Noutro dia qualquer não a teria registado sequer, até porque a Mesquita Central de Lisboa fica na zona. Mas ontem comecei logo a pensar no que acontecera na véspera. Com a carnificina de Paris ainda tão fresca, registei imediatamente o estigma que aquela mulher transporta em volta da sua cabeça.
“Eles já estão a ganhar esta guerra”, pensei. As redes sociais estão cheias de mensagens de ódio. Um campo de refugiados em Calais ardeu, numa extensão de 10 mil metros quadrados, ainda os cadáveres de Paris não tinham arrefecido. Mas isso não foi notícia de destaque no meio do chorrilho de lágrimas, de informação e contra informação, como não foi a granada atirada para dentro de uma mesquita na capital francesa, em janeiro, logo a seguir ao Charlie Hebdo, entre outros incidentes contra a comunidade muçulmana.

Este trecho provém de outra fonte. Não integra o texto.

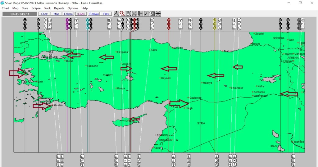 Yukarıda Aslan burcunda gerçekleşecek dolunayın, ülkemize ait astrokartografik haritasını görmektesiniz. Harita üzerinde işaretli hatlar ve çevresi, dolunay enerjisinden belirgin etkilenmesi olası yerlerdendir.
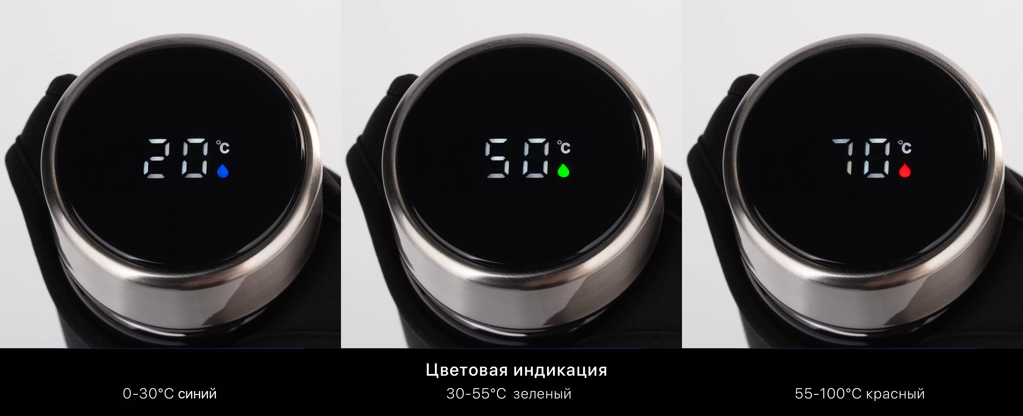 Дополнительная цветовая индикация значка для удобства контроля за температурой содержимого:
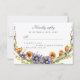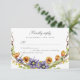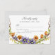 Tarjeta de respuesta Rsvp con flores de manantial acuático, tulipanes, forsythia, clematis y ramas en arreglos coloridos.
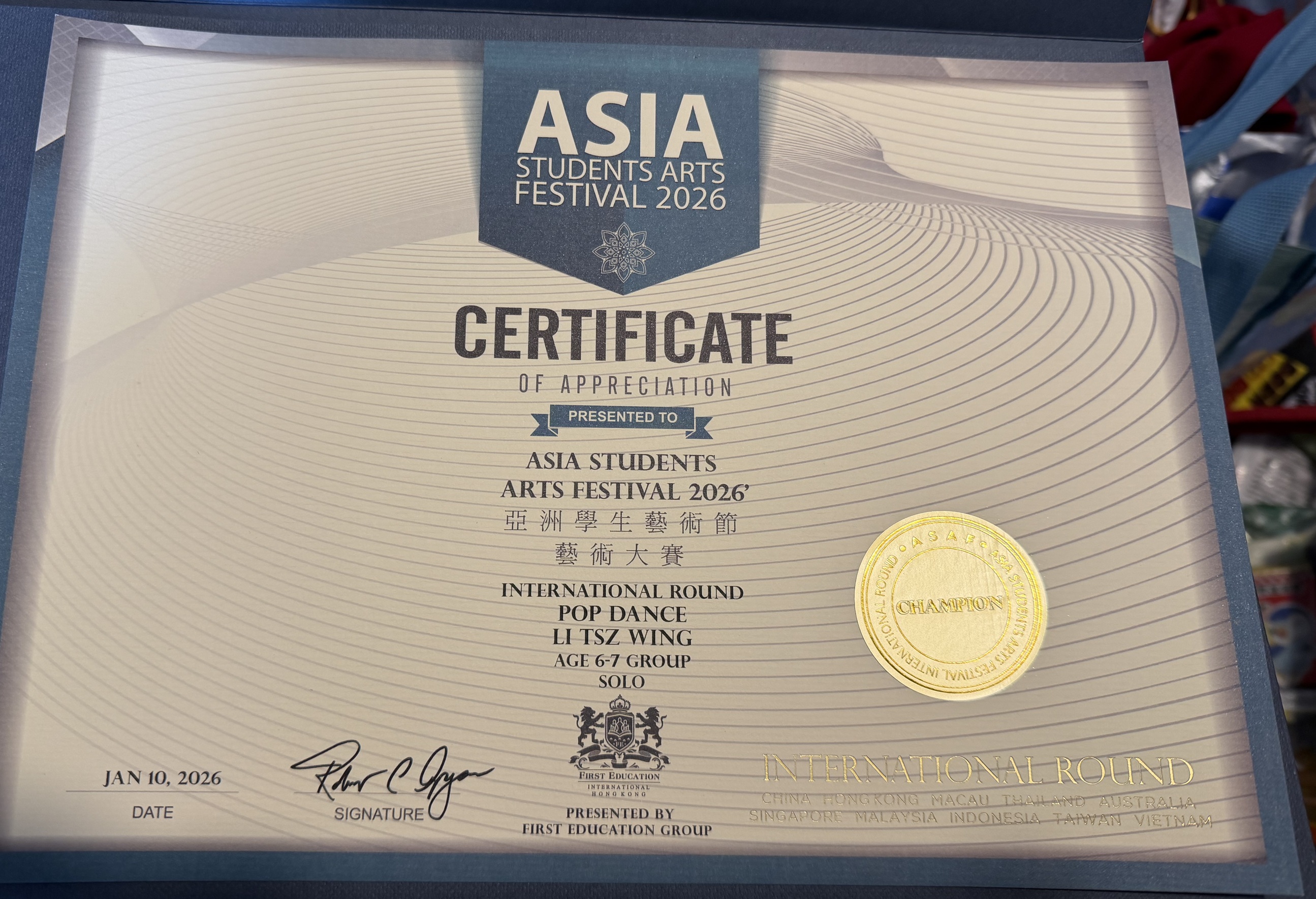 1B_李梓嶸_亞洲學生藝術節藝術大賽2026_流行舞-個人舞_冠軍
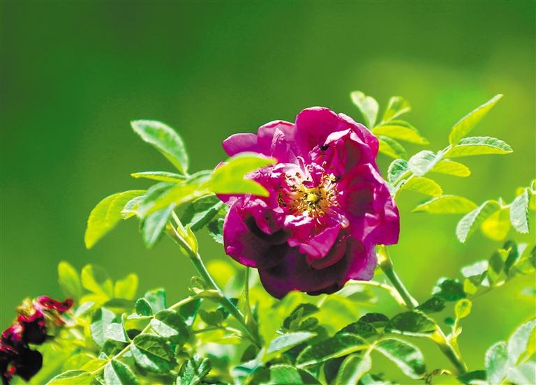 远望玫瑰花田,像一匹匹玫瑰色的绸缎,大片浓绿之中藏着无数玫红色的花蕾,欲摘一朵,可要小心一根根扎人的刺儿。据苦水镇陪同的工作人员介绍,“永登境内的玫瑰花因地势高低不同,花期也略有差异,苦水镇的开花最早,相邻的红城镇相对较晚……正是因为长期处于高海拔、寒冷、干旱少雨的生长环境中,形成了‘苦水玫瑰’特有的品质。”

O Ocidente chora e tem medo. O Estado Islâmico já está a ganhar esta guerra. Não é uma guerra pela religião. É uma guerra contra a liberdade, contra a tolerância. Os comentadores e analistas reclamam mais segurança, mais vigilância e menos liberdade. A Europa vai erguer novos muros à sua volta. Em França, o Estado Islâmico revelou-se o melhor aliado do programa extremista e xenófobo da Frente Nacional.

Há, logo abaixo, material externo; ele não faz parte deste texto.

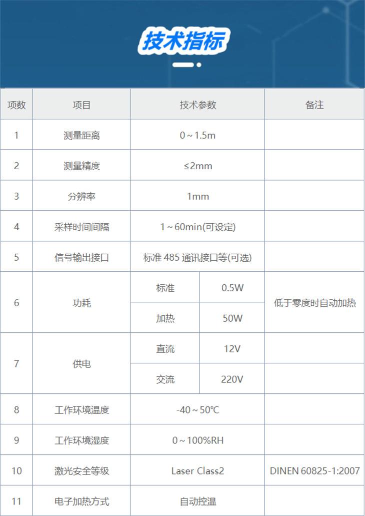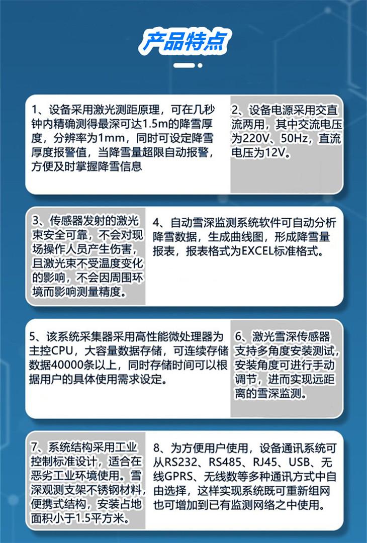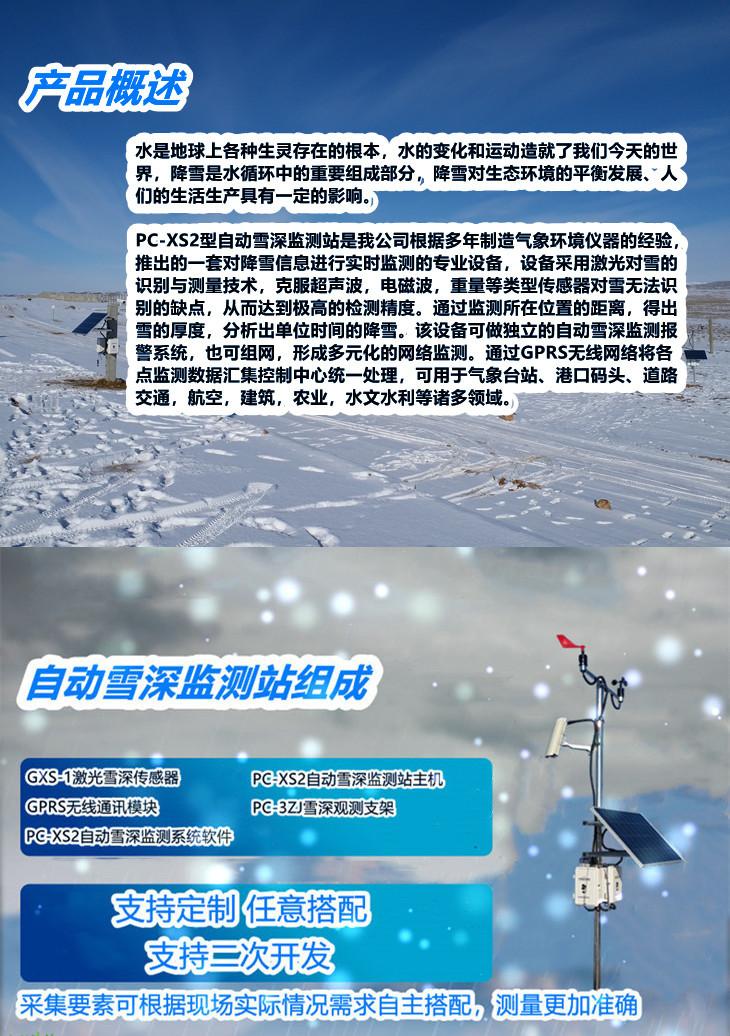 V476-PCXS2型自动雪深监测站是我公司根据多年制造气象环境仪器的经验,推出的一套对降雪信息进行实时监测的专业设备,设备采用激光对雪的识别与测量技术,克服超声波,电磁波,重量等类型传感器对雪无法识别的缺点,从而达到极高的检测精度。
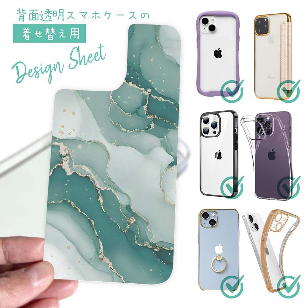 【デザインシート】くすみカラーマーブル調 グリーン&ゴールド
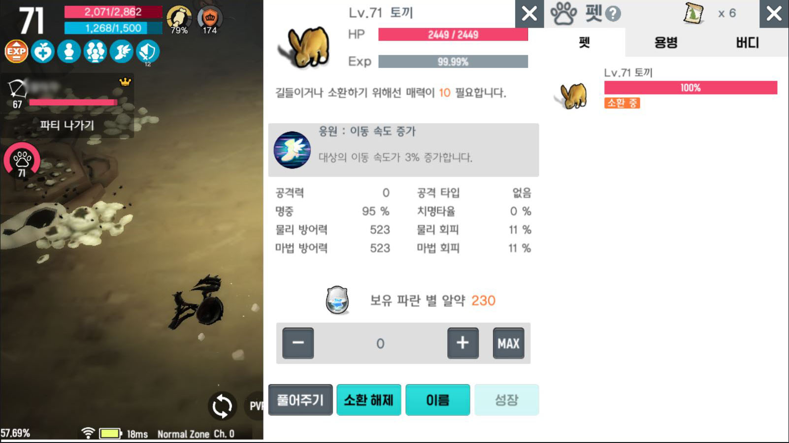 길들이기를 원하는 몬스터의 매력 포인트를 확인 후(도감을 통해 확인 가능) 매력 스탯을 올려 길들이기가 가능합니다. 펫에는 토끼와 같이 버프를 부여하는 펫도 있으나, 직접 전투에 참가를 하는 펫이 있어 어떤 펫을 길들일지 고민하는 것도 하나의 재미요소라고 생각했습니다.
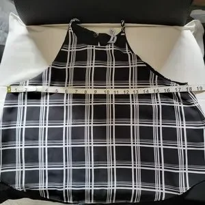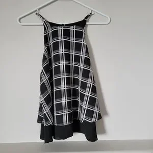 Design Lab spaghetti strap top. 100% polyster. 2 layers. Loved to wear this out, very flowy.
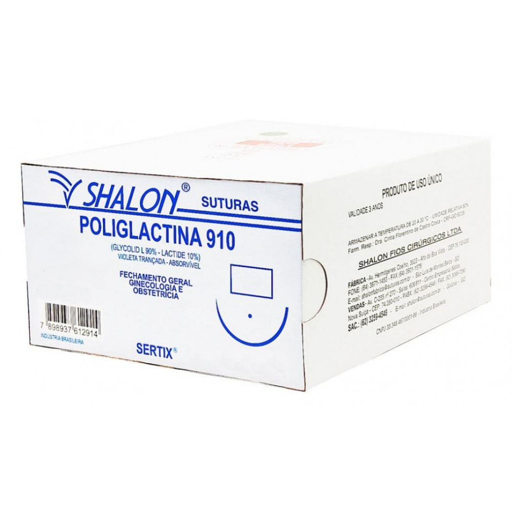 A sutura de Poliglactina 910 é apresentada nos números cirúrgicos 8-0 a 1 e métrico 0,04 a0,499. A sutura é apresentada estéril em comprimentos preestabelecidos com 01 (uma) ou 02 (duas) agulhas de vários tipos e esterilizada em óxido de etileno.

Os ataques de Paris atiçaram o ódio e deitaram gasolina na fogueira da intolerância. Emigrantes e refugiados são agora os alvos do nosso olhar, da nossa desconfiança. Olhamos para eles como corpos estranhos ao atravessarem uma qualquer avenida europeia. São suspeitos aos nossos olhos, porque já nos esquecemos (ou se deliberadamente nos levaram a esquecer) que na véspera de Paris houve um outro atentado Beirute, onde o Estado Islâmico, outra vez ele, matou pelo menos 40 pessoas.
O terrorismo é um fenómeno global cujas vítimas mortais quintuplicaram entre 2000 e 2013. Mas convém ter em mente que é um fenómeno concentrado: 80% dessas mortes ocorrem em apenas cinco países: Síria, Iraque, Afeganistão e Nigéria. Ou seja, nas regiões de onde nos está a chegar a torrente de refugiados, que procuram fugir da morte. É bom que tenhamos isso em mente ao olharmos para uma mulher de hijab a passar nas nossas ruas. Caso contrário, eles ganham mesmo esta guerra.